TopLevelOperation *gen_restore_firmware_op(remote, filename)
TopLevelOperation *gen_backup_configuration_op(remote, filename)
TopLevelOperation *gen_restore_configuration_op(remote, filename)
// or one function per operation type:
Status tlo_execute(tlo, callback, ...)

(In the case of separate functions per operation type, the 
TopLevelOperation class would mainly act as a vehicle for the metadata 
query APIs which allow applications to know what steps get executed.)

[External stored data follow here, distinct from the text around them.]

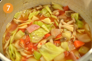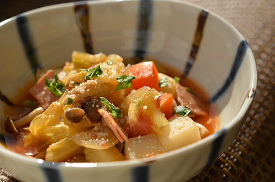 寒〜い冬に身体の芯から温まる野菜がたっぷり入ったトマトベースのスープは低カロリーで食物繊維がしっかり摂れるヘルシーで腹持ち抜群の一品です。
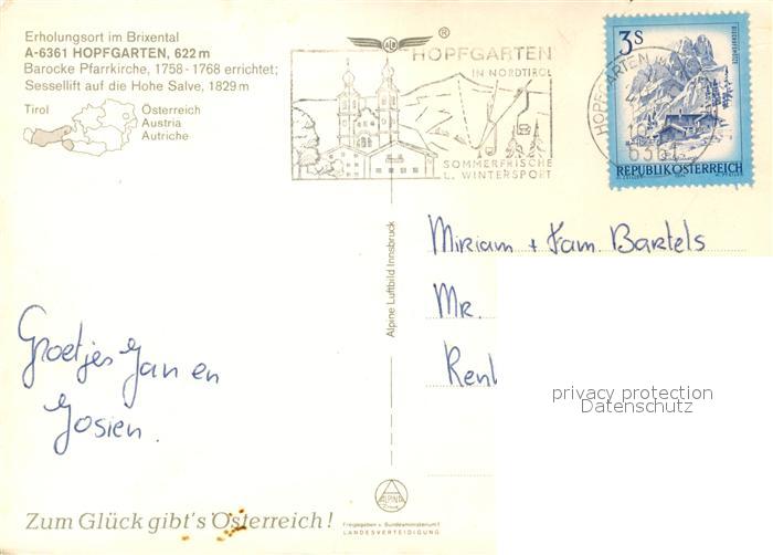 73219765 alte Postkarte Hopfgarten Brixental Barockkirche Hohe Salve Alpenpanorama Fliegeraufnahme postalisch gelaufen Erhaltung siehe scans [FriedD77] KatCode: 11390335070406
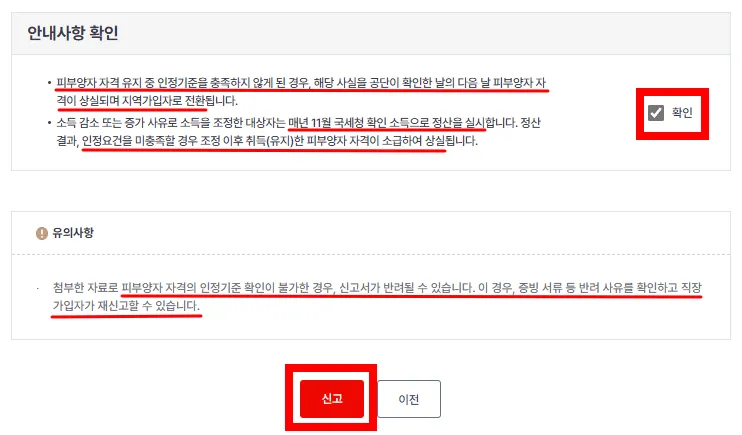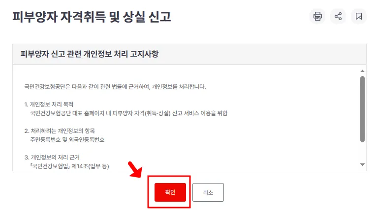 '피부양자 신고 관련 개인정보 처리 고지사항'을 읽고 '확인'을 누릅니다.
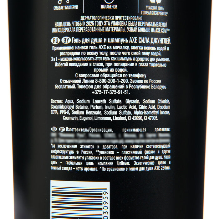 | Способ применения | Нанеси гель AXE на мочалку, слегка вспень водой и распредели по всему телу, после чего смой пену водой. 3 в 1 можешь использовать этот гель как шампунь и средство для умывания. Избегай попадания в глаза, при попадании в глаза тщательно промой их водой. |
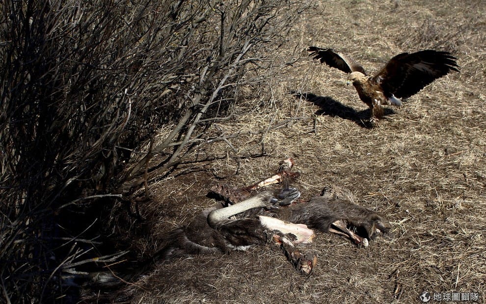 路透社金鵰小心翼翼靠近鹿的屍體。過去談到台灣與老鷹關係的文章中,曾提到猛禽在大自然的食物鏈裡扮演著高級消費者的角色,數量雖然不多,但是卻能有效控制小動物的族群量,在生態系中佔有重要地位。
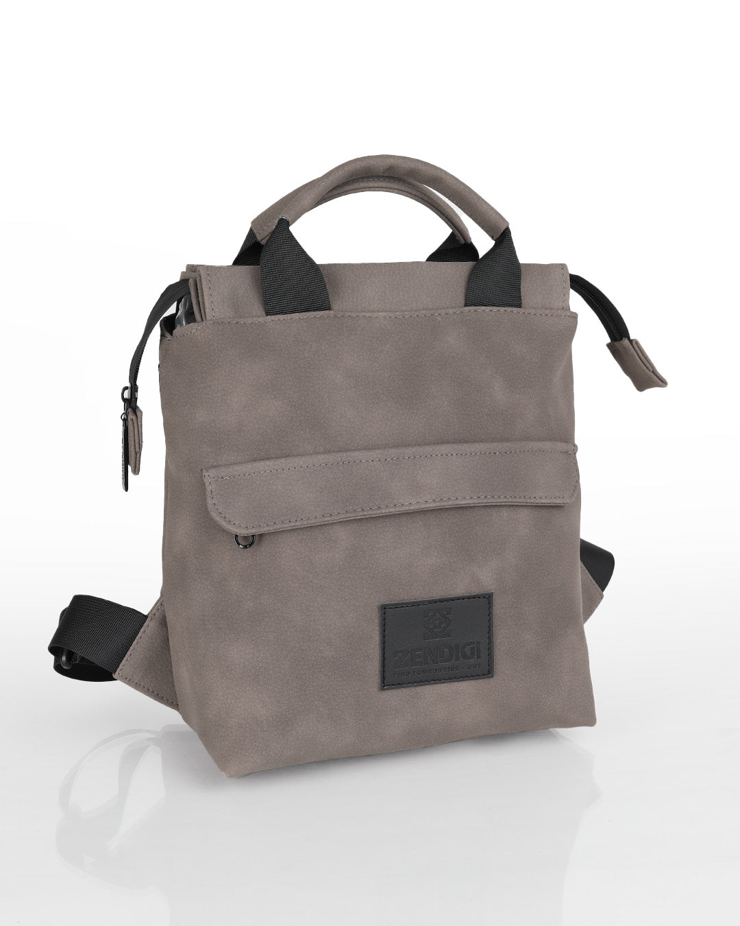 On the front there is an external zipper pocket that allows quick access to your phone keys or anything you need while moving. Two top handles allow carrying it like a small briefcase which adds comfort in tight spaces and gives another way to use the bag.

The alternative to all those gen_* functions would be for the 
application to iterate over the steps like in the code above, but 
perhaps calling more specific functions:

for (int step = 0; step < pof_num_steps(pof): i++) {
    step_type = pof_step_type(pof, step);
    switch (step_type) {
    case ERASE_REGION:
       region_address = pof_get_parameter(pof, step, ADDRESS);
       region_size = pof_get_parameter(pof, step, SIZE);
       lc_erase_region(remote, region_address, region_size);
       break;
    case WRITE_REGION:
       write_address = pof_get_parameter(pof, step, ADDRESS);
       write_size = pof_get_parameter(pof, step, SIZE);
       data_ptr = pof_get_parameter(pof, step, DATA_PTR);
       lc_write_region(remote, write_address, write_size, data_ptr);
       break;
    case RESET_REMOTE:
       lc_reset_remote(remote);
       break;
    //...
    }
}

But even with that, I think libconcord should probably define the set of 
steps required for even "simple" things like config backup, in case the 
steps become more complex.

> Anyway, then the callback system could be updated in much the way you 
> describe.
>
> Which is all basically "option 1" from my email, but you flushed out the
> "and we need to fix the callback system", plus I like your suggestion of
> extending our API around the operations files.
>
>> The callback could return Continue/Abort to allow implementation of a
>> cancel button in a UI.
>
> In *theory* this would be really cool, but in reality this will almost
> always leave the remote in a very bad state, and so I think we should avoid
> this.

In practice, users can press CTRL-C while running any application, or 
click the cancel button in congruity (which will abort between 
libconcord API calls right now), or just unplug their remote. In this 
case, the worst that should happen is the remote booting into safe mode 
and needing another firmware or configuration update attempt.